Give a hoot

Give a hoot

Nocturnal, secretive, and steeped in folklore, owls are cryptic wild critters that give up the details of their lives only grudgingly. Blake Mathys, a member of Marysville-based Union Rural Electric Cooperative, hopes to shine a little light on the subject this winter.

Mathys, an associate professor of environmental science at Ohio Dominican University, has started the Central Ohio Owl Project (COOP) to better document wintering owls in Ohio — especially rarer species like barn owls, long-eared owls, and northern saw-whet owls.

Saw-whet owl

Saw-whet owl

Barn owl

“My main reason for developing the project is that, for a number of reasons, owl sightings often don’t get reported, even by citizen-scientists and serious birders,” Mathys says. “I want to provide a secure outlet to get a better idea of the true numbers of owls in our state during the winter months.”

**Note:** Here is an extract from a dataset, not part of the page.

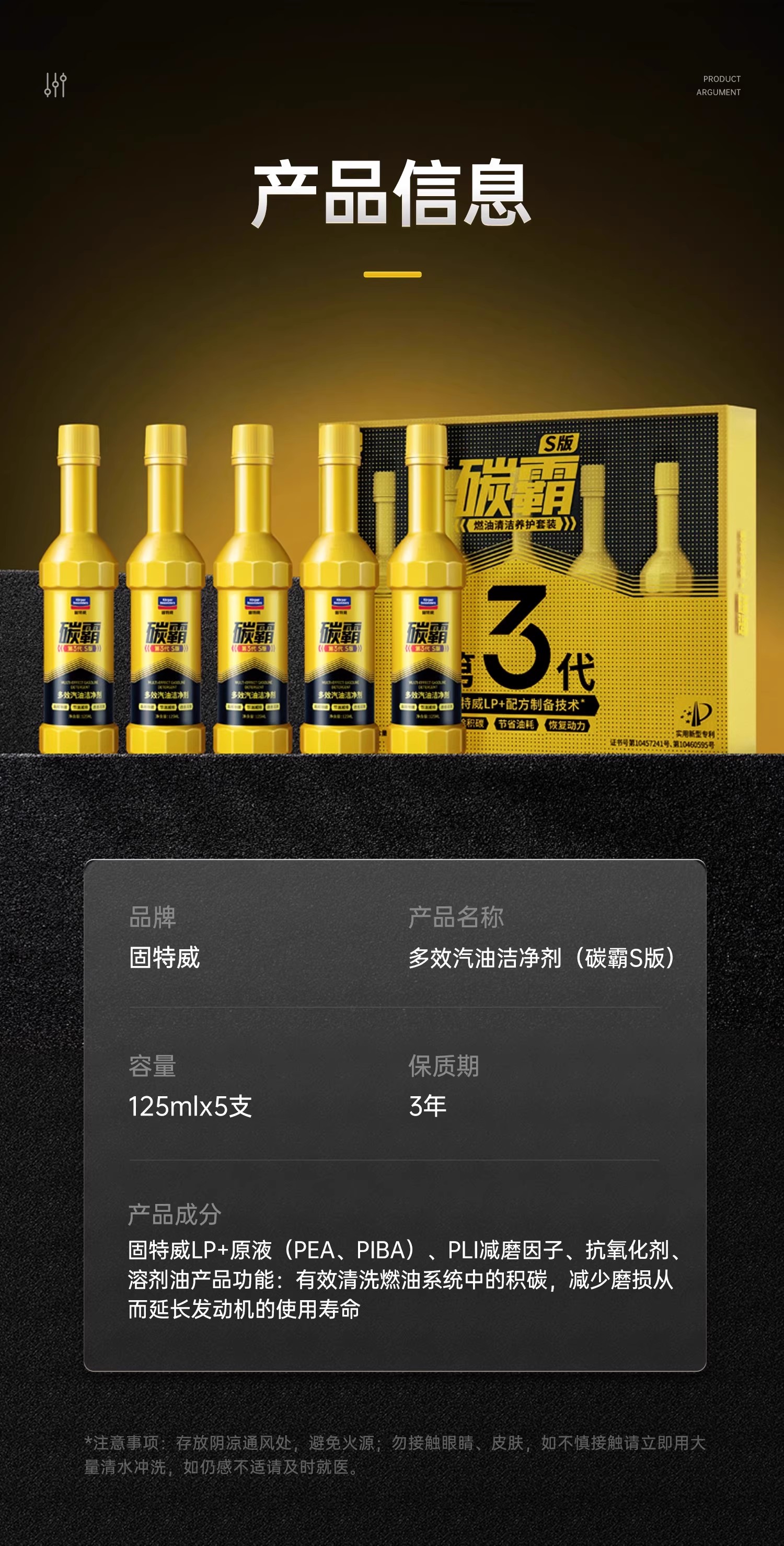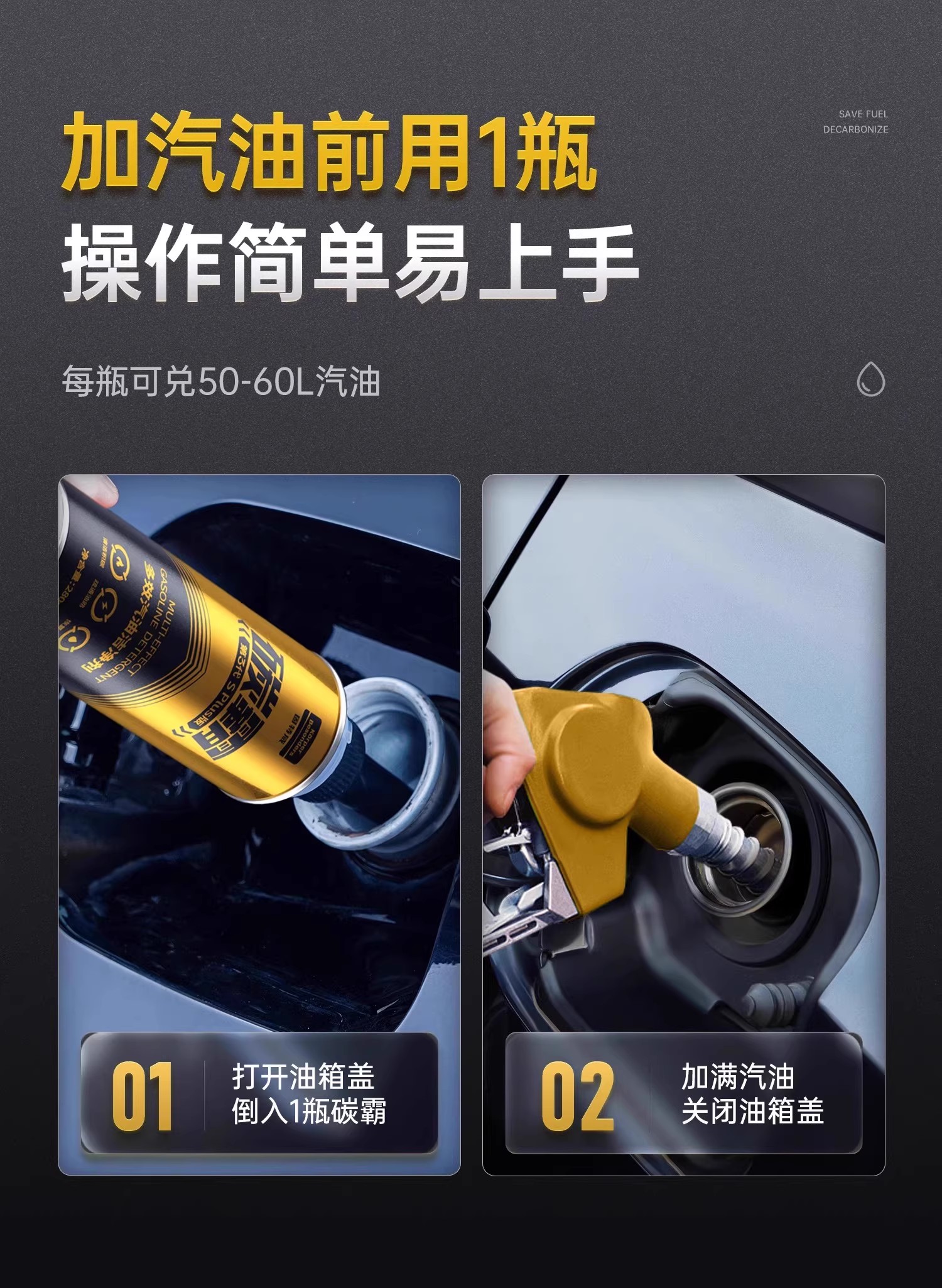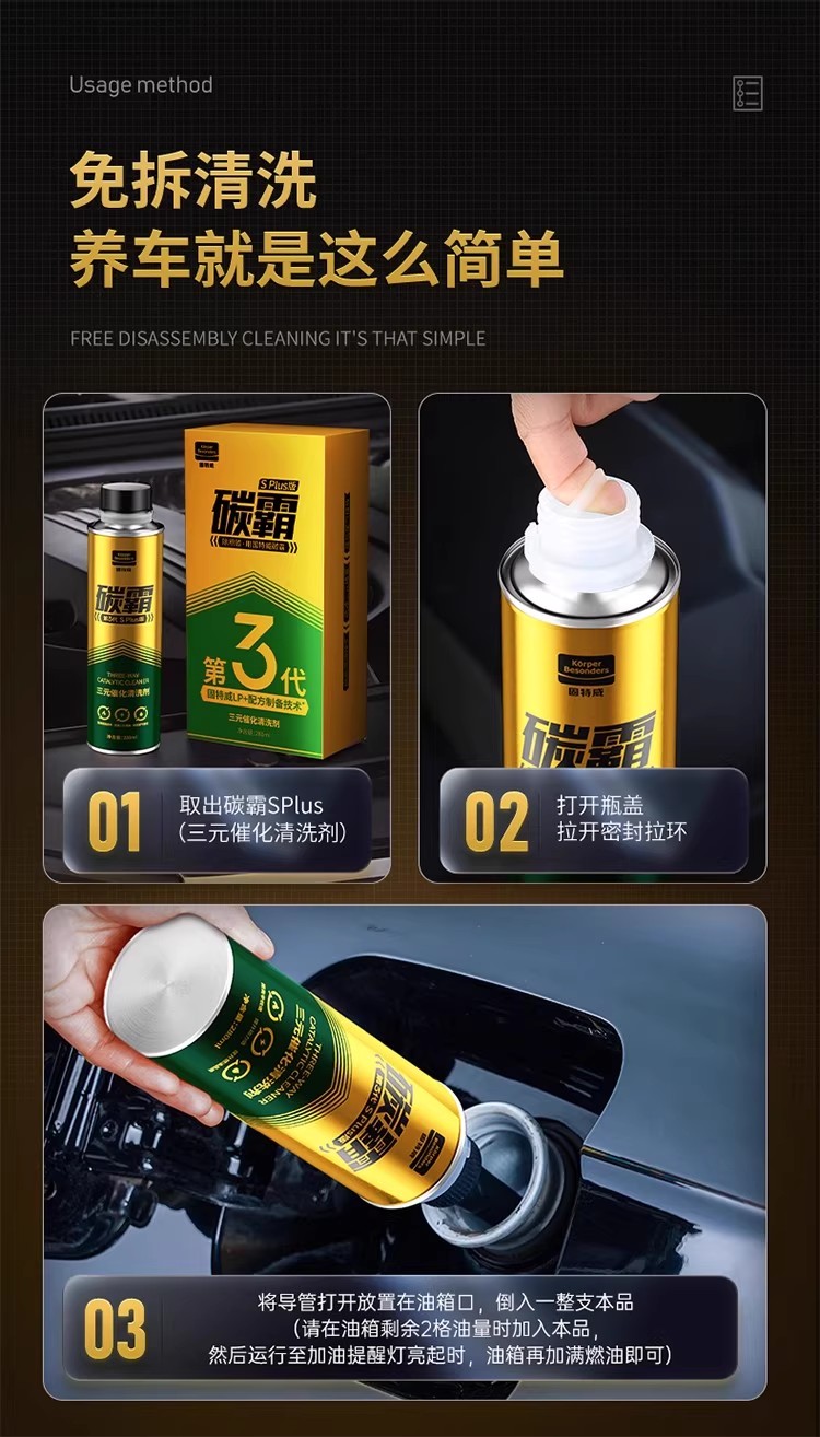 套装礼包含:碳霸S燃油清洁养护套装(五支装)+碳霸多效汽油洁净剂280ml+三元催化清洗剂280ml+发动机抗磨修复剂280ml,平时单独买这些产品要花好几百元,现在只要219元就能全部带回家!

What Mathys is requesting is that anyone spotting an owl this winter — anywhere, of any species, on private or public land — report the sighting to him online, where there’s a form that asks users where they saw the owl, the species (if known), plus a few other basic questions.

“If you can get close enough to take a photograph of the owl, that would be helpful for positive identification,” Mathys says. “Your owl sighting might even be eligible for a small cash reward.”

Mathys also stresses that the locations provided will be kept strictly confidential and the information used only for research purposes. All three of the study’s main owl species are either threatened in Ohio (barn owl) or a species of special concern (long-eared owl and northern saw-whet owl), so information about their wintering habits, habitats, and numbers could prove helpful in their conservation. 

Look for barn owls in or near structures, such as old barns, silos, and sheds. Long-eared owls and northern saw-whet owls are found roosting primarily in evergreen trees during winter. 

“Owls have always been one of my favorite groups of birds, and for a long time I’ve been convinced that there are many more owls around than people realize,” Mathys says. “I would very much appreciate the assistance of any fellow electric co-op members who would like to participate in the study.”